Download Full-Text PDF Cite this Publication

Text Only Version

Intelligent Intrusion Detection Systems with Machine Learning Models for Detecting Cyber Threats in IoT Networks

Tanishq Kothari

UG Student, Department of Computer Engineering, Vishwakarma Institute of Information Technology, Pune, Maharashtra- 411048

Prof. Vaishali A.Mishra

Assistant Professor, Department of Computer Engineering, Vishwakarma Institute of Information Technology, Pune, Maharashtra- 411048

Atharav Hedage

UG Student, Department of Computer Engineering, Vishwakarma Institute of Information Technology, Pune, Maharashtra- 411048

Prof. Disha Sushant Wankhede

Assistant Professor, Department of Computer Engineering, Vishwakarma Institute of Information Technology, Pune, Maharashtra- 411048

AbstractAs the internet has flourished, the connectivity between devices has increased. This has propelled the Internet of Things technology to reach new heights. But sadly, with these advancements, cyber-attacks have also increased. Consequently, these attacks have posed significant threats to every potential IoT technology user and IoT device. Such malpractices can result in substantial losses of capital and intellectual property alike. The need for developing a robust system for detecting Cyber Security threats has become a crucial operation to prevent such losses. The proposed paper establishes Deep- Learning techniques to help detect malicious attacks on an IoT architecture and prevent unwanted intrusion weve described a single strategy for identifying stolen data from software and malware throughout the Internet of Things (IoT) network in this post. The TensorFlow platform is a prime candidate to develop Deep Learning algorithms to classify stolen programming with source code literary theft. Google Code Jam (GCJ) is an international programming competition administered by google. GCJ collects data annually to examine the true nature of theft of utilizations. The use of the Mailing Dataset is prevalent to gather the malware samples. The use of Deep Learning techniques to detect Cyber Security threats presents a novel yet efficient approach to solving practical issues and shows promise for the future.
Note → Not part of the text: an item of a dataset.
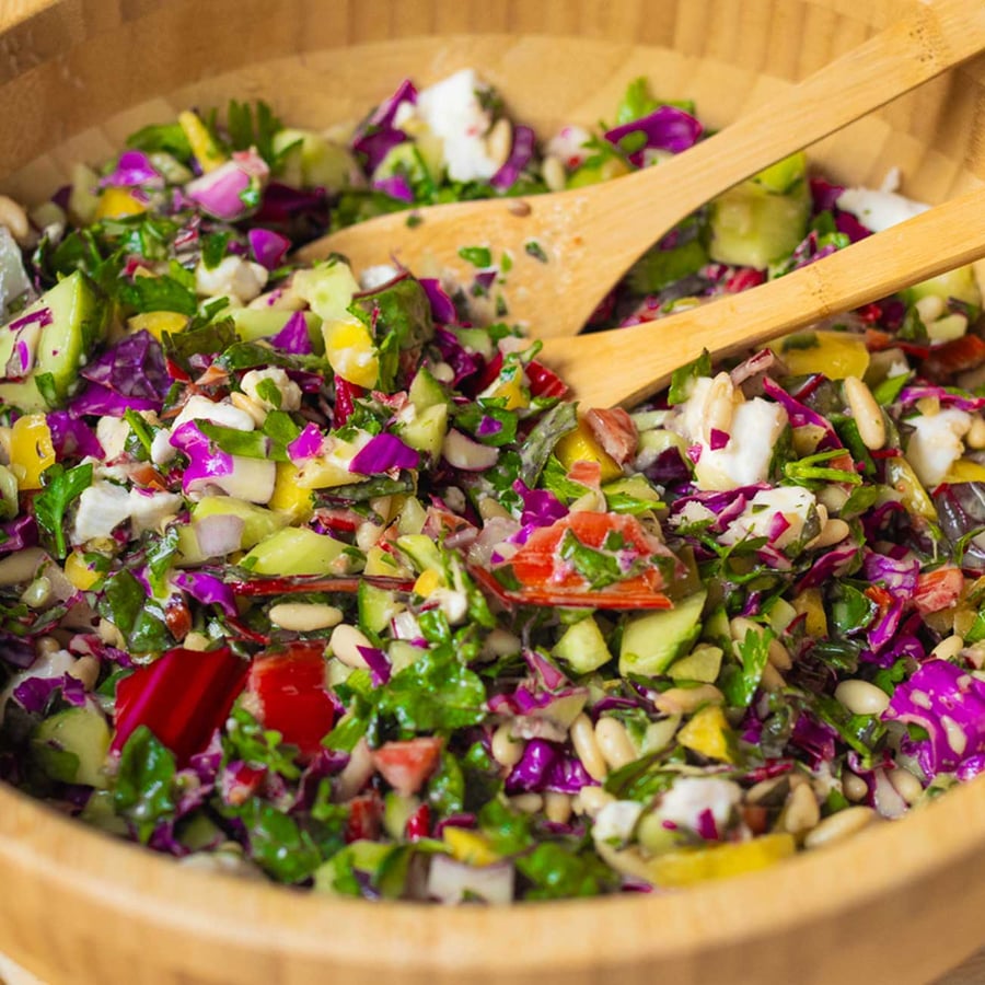 - 6Pinienkerne in einer fettfreien Pfanne rösten und zusammen mit dem veganen Feta über dem Salat verteilen.

KeywordsIntelligent Intrusion Detection System; Network;IoT;Deep Learning;

  1. INTRODUCTION

    In recent years, the expansion of the Internet of Things (IoT) has advanced substantially in civilizations all over the world. Consumer demand is expected to fuel the exponential increase in the number of connected IoT devices, with a capacity of $125 billion by 2030[1]. There are many real- world gadgets that are linked to smart city apps, and these devices have a lot of power in the actual world. The advantages of living in a city Large numbers of IoT devices in different service kinds, topologies, and applications [2]. And IoT networks provide a variety of challenges due to the type of protocols that may be used. In charge [3,4]. These Internet-connected devices thus face significant cyber security risks and vulnerabilities. Procedures of integration

    for the assault of information on the daily actions of citizens. These online dangers may not materialize. Only approved clients and executives (for example, those working on the Miria botnet) have access to the LOT system [5]. There are many real-world gadgets that are linked to smart city apps, and these devices have a lot of power in the actual world. The main issue is figuring out how to To determine whether or not an attack is zero-day, look for a variety of IoT standards in the cloud server farm. IoT frameworks help protect users from potential hazards. The second method is the most effective for detecting cyberattacks. To put it another way, Examples of this kind of attack include IoT malware attacks and others. The Internet of Things (IoT) has already orchestrated the demise of a sophisticated community. The vast majority of Internet of Things (IoT) sensors currently obtain all of their data from cloud storage servers. IoT network systems now have limited resources and capabilities (e.g., smartwatches, drones, etc.). Other IoT network devices (smart bulbs, intelligent locks, etc.) don't utilize these.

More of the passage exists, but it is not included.